__DATA BLOCK__.
+-------+

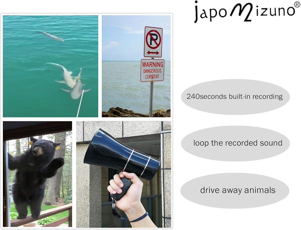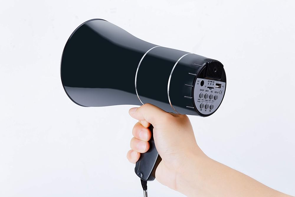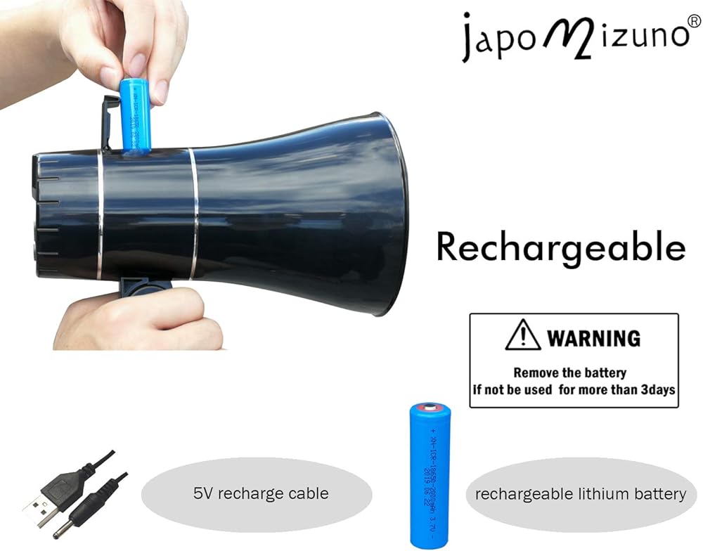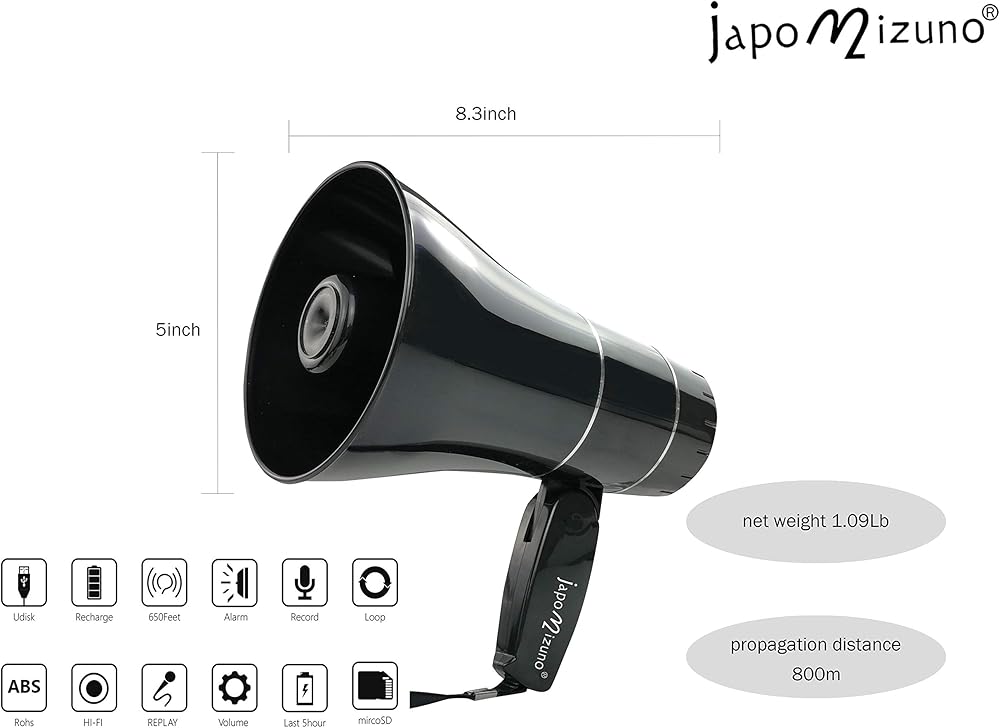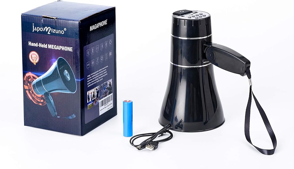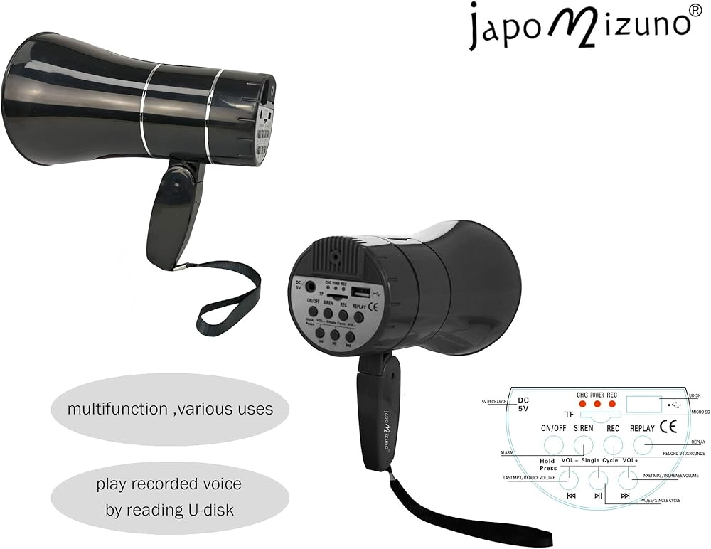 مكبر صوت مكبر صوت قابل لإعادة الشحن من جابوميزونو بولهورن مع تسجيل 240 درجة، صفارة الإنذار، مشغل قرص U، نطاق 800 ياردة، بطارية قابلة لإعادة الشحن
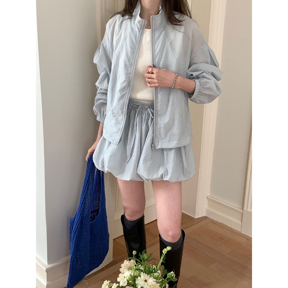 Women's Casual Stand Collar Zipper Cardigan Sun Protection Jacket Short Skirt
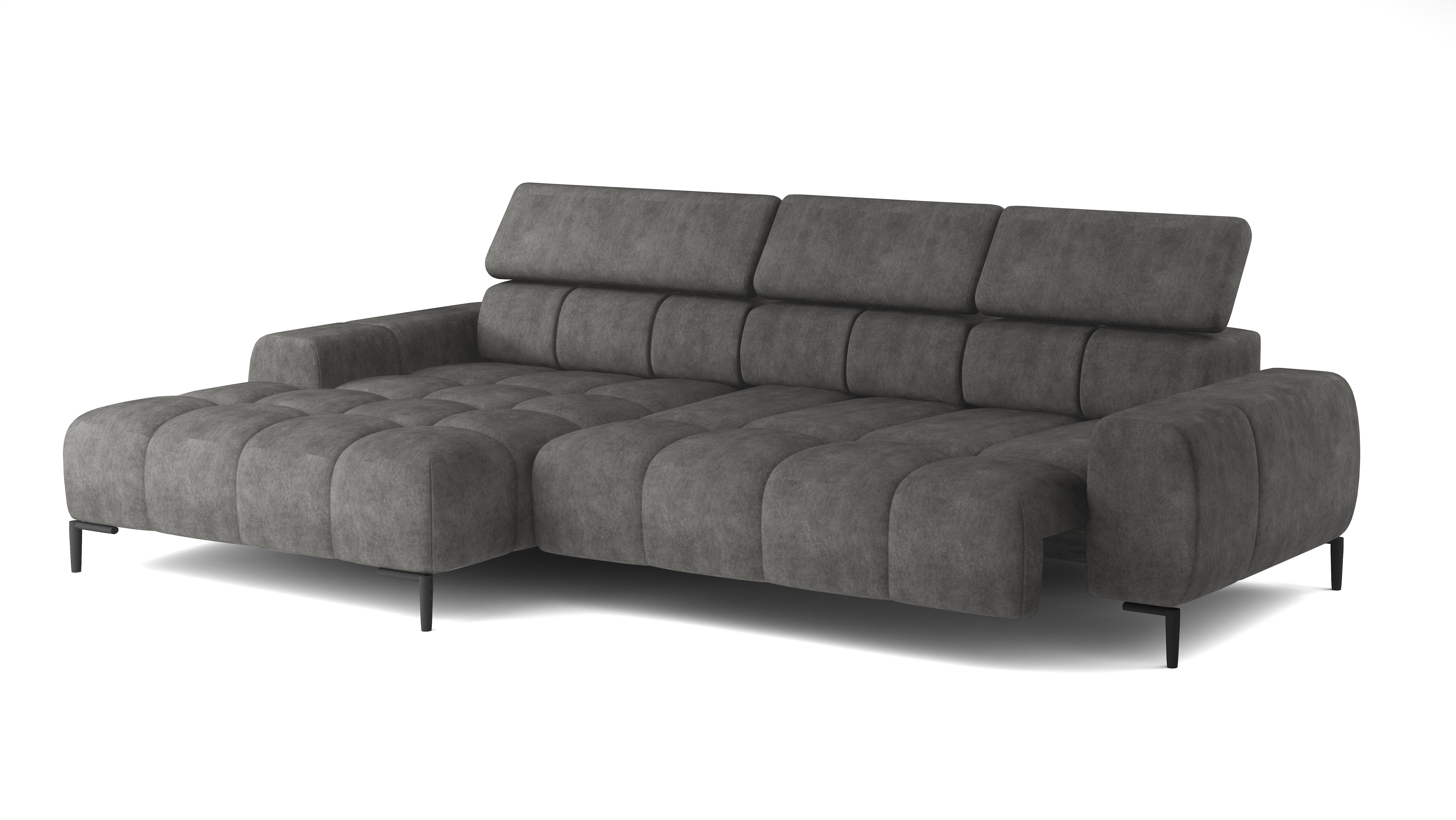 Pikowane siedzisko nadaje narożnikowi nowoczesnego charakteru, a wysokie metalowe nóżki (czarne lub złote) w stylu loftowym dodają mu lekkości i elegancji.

+-------+

__WHAT THE EXERCISE ASKS__. Exactly as written, set down the lines from the line holding "Women's Casual Stand" to the last line of the data, both ends included, pictures excluded.

__FINISHED EXERCISE__.
 Women's Casual Stand Collar Zipper Cardigan Sun Protection Jacket Short Skirt
 Pikowane siedzisko nadaje narożnikowi nowoczesnego charakteru, a wysokie metalowe nóżki (czarne lub złote) w stylu loftowym dodają mu lekkości i elegancji.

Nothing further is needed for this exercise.